Je ne compris pas l’expression, mais je sentis le gist.

— Et puis il s’est bien comporté pendant la grande peste, il est resté en ville. Il a tenté de calmer les esprits en évitant à plusieurs catholiques de se faire lyncher car on leur attribuait l’origine de la peste. Le roi qui, lui, avait quitté la ville l’a fait chevalier pour sa bravoure. Cela ne l’a point empêché de l’enfermer quelques temps plus tard.

— Qu’est-ce qui s’est passé ?

— Peu après la grande peste, un autre malheur s’est abattu sur la ville : le grand incendie. On a dit qu’un dénommé Robert Hubert, un catholique français de Rouen, avait mis le feu à une boulangerie. Robert Hubert fut pendu, mais on appris plus tard qu’il n’était pas encore à Londres quand l’incendie s’est déclenché. Ce fut sans doute un incendie accidentel qui s’est propagé à partir de la boulangerie d’un certain Farriner qui se trouvait sur Pie Street. Le juge Godfrey une fois de plus a tenté de calmer les esprits et, quoique non saisi de l’affaire, a avancé que Robert Hubert n’était sans doute point coupable. Un témoin ayant vu Robert Hubert sur un bateau en provenance de France le jour où l’incendie a débuté a confirmé son assertion***. A la suite de cela, le roi a mandé au juge Godfrey de présider le Tribunal du Feu, un tribunal créé spécialement pour décider qui, des locataires ou des propriétaires, avaient suffisamment d’argent pour payer la reconstruction d'un immeuble. Cela a permis de lancer très rapidement les travaux en évitant des discussions sans fin.

— Il y a eu une affaire de gros sou avec le pharmacien du roi. Le juge Godfrey lui avait prêté de l’argent pour lui permettre d’engager des travaux sur une grande partie de la rue Fleet Street où il possédait auparavant quelques vieilles maisons en bois. Néanmoins, le pharmacien ne l’a pas remboursé et le juge Godfrey l’a fait enfermer pour l’obliger à payer sa dette.

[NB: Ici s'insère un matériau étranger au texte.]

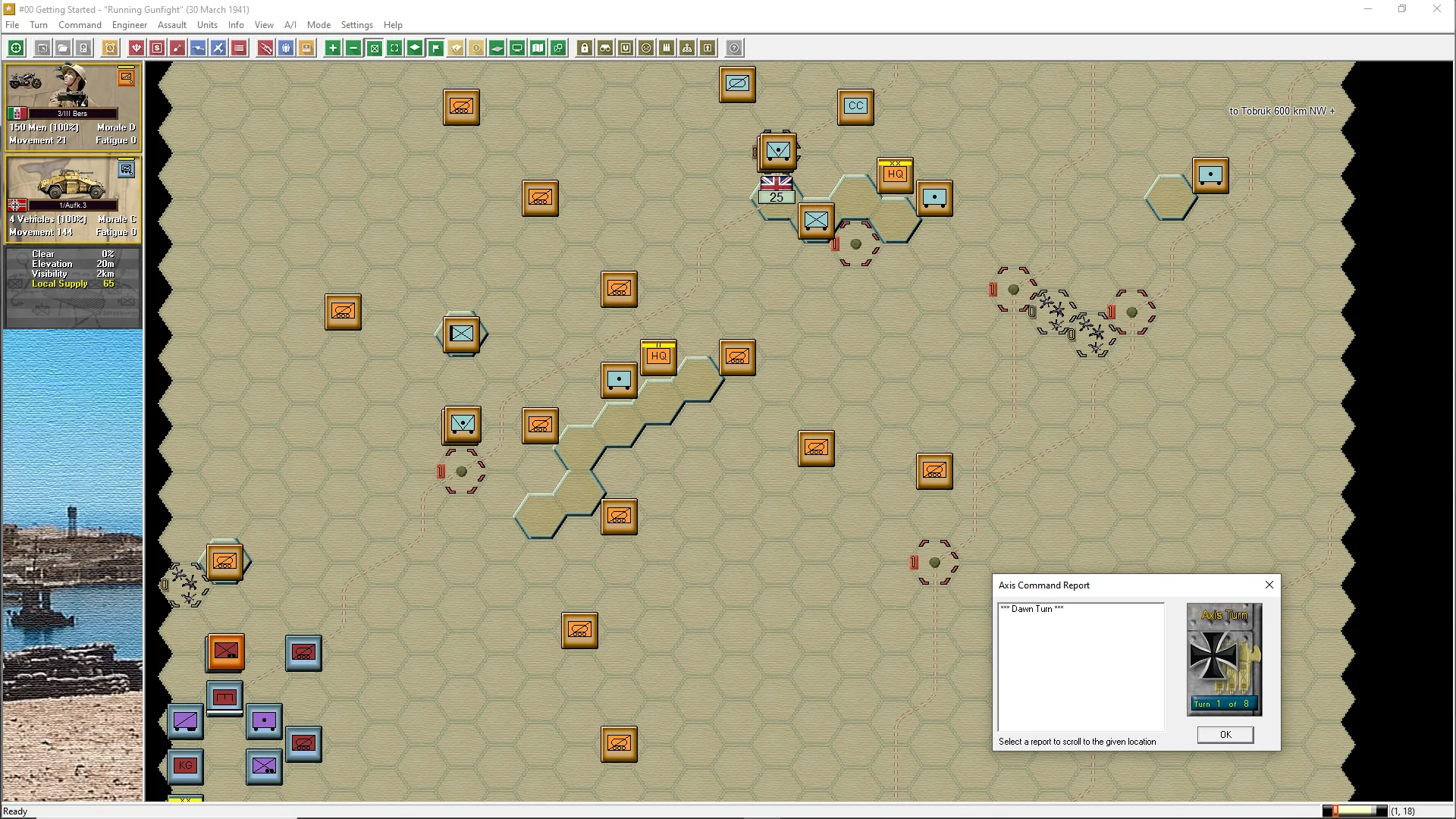 Following the British defeat of the Italians in 1940, Rommel would arrive with the lead elements of the infamous Afrika Korps. Tobruk '41 is an operational level simulation that traces the North African desert campaigns with scenarios covering action from Mersa Brega in March '41, and finishing at the end of Crusader in December. In 1940, the British had little trouble pushing the Italian army in Libya away from the Egyptian border. However early the next year, General Rommel arrived in North Africa and quickly took the offensive. While the British garrison at Tobruk held on, desperate battles were fought across the desert sands. Will the British be able to relieve Tobruk, or will Rommel earn another victory resulting in his standing as the Desert Fox?

Le roi a réagi en faisant enfermer Godfrey à son tour en lui faisant le reproche d’avoir profité de sa situation de juge pour faire des affaires en prêtant de l’argent. Il est resté trois mois à la Tour de Londres, puis le roi l’a relâché à la condition de mettre fin à toutes les poursuites contre son pharmacien.

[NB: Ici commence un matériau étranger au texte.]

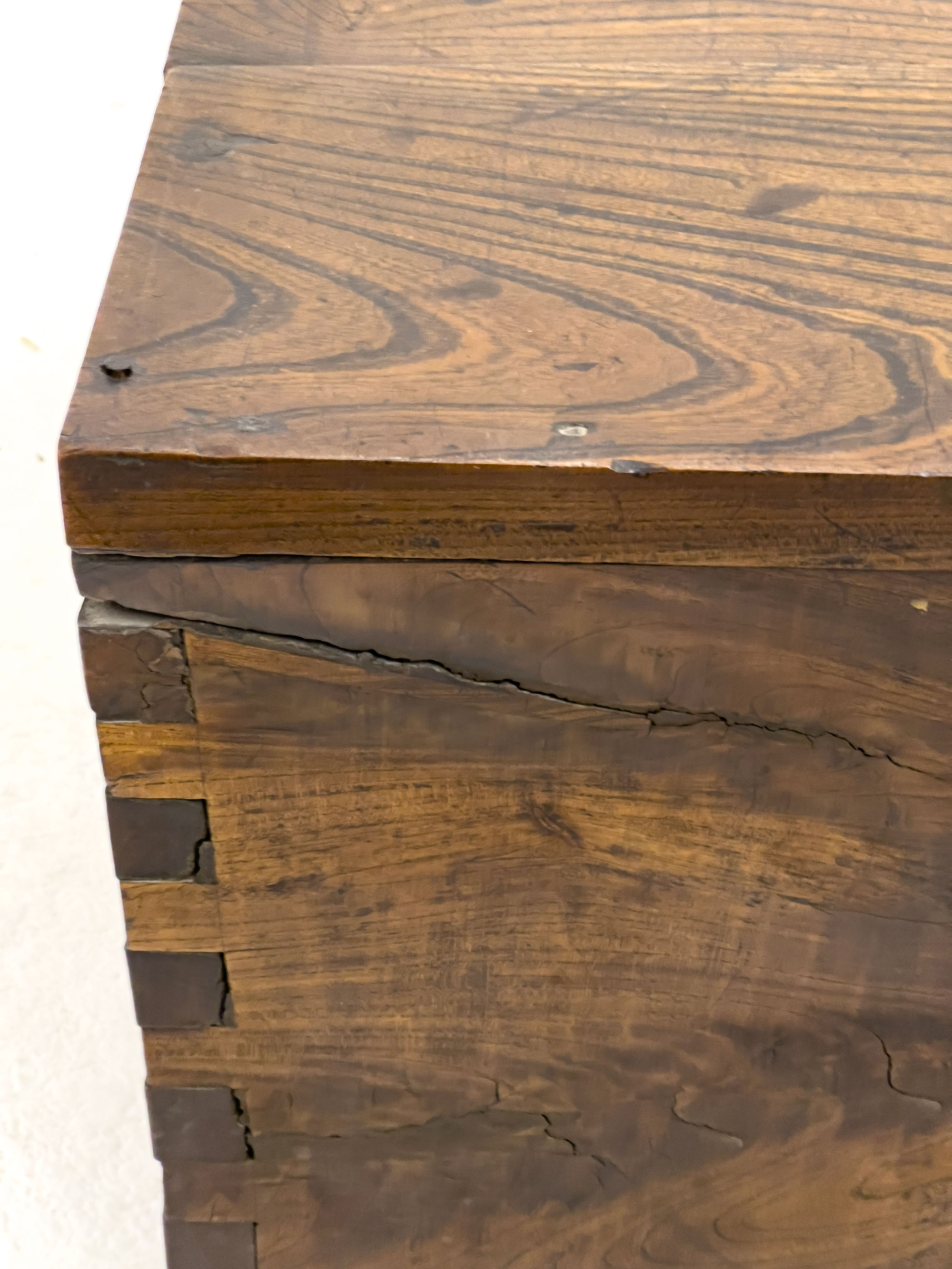 Korean teak lift-top chest, with wrought iron lock, raised on two supports

— Ce n’est pas vraiment ce que j’appellerai une grande affaire, c’est plutôt poissonneux, non ? Quelle grande affaire a pu le rendre célèbre ?

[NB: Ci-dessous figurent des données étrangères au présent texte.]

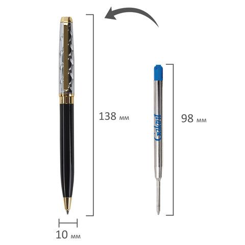 Ручка подарочная шариковая GALANT "Consul", корпус черный с серебристым, золотистые детали, пишущий узел 0,7 мм, синяя, 140963
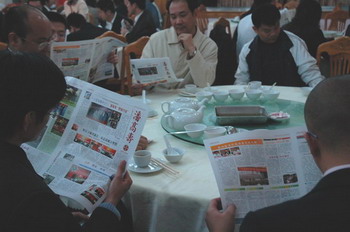 然而,天外有天,那敢自鳴得意。可況本身多缺點。不久前我帶上司報去向行家(新聞專業與美術設計專業的權威)討教。約會《羊城晚報》社社委、前要聞部主任、現任《新快報》總編張克眉(韜奮新聞獎獲得者)。熟不拘禮,她贊彈爽快;幸會中國最具影響力十大平面設計師之一、廣州市廣告協會會長黑馬大叔,他侃侃而談。多少金石良言,果有“勝讀十年書”之感!
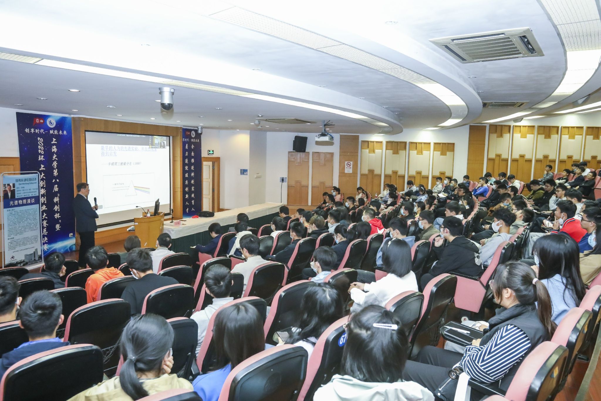 最后,沈院士生动地讲述了光谱研究过程中的有趣故事:电子混沌运动、室温下准粒子波色。沈院士将中国神话中的“混沌”与科学中的“混沌”现象作对比,通过列举蝴蝶效应为师生们形象阐明了“混沌”的含义,生动有趣地讲解不仅使同学们开阔了眼界,也激发了大家的好奇心和探究欲。
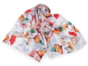 Šatka s obľúbeným vzorom listov ginkgo je vzdušná a ľahučká, veľmi príjemná na dotyk.

— La grande affaire est venue plus tard, l’année dernière, dans Brown contre Vermuden. — Jamais entendu parlé, personne n’en cause en France, de quoi s’agit-il ?

Notre voiture arriva près de la Cour de Justice sur le Strand. Nous allâmes nous installer dans le fond de la salle d’audience toute en bois sculpté. Le clerc plaçait chacun selon son rang et repoussait les badauds. L’affaire Hobbes attirait toute l’intelligentsia londonienne.

***Le Monument commémorant le grand incendie de Londres comportait à l'origine une mention incriminant les catholiques. Cette mention a été effacée.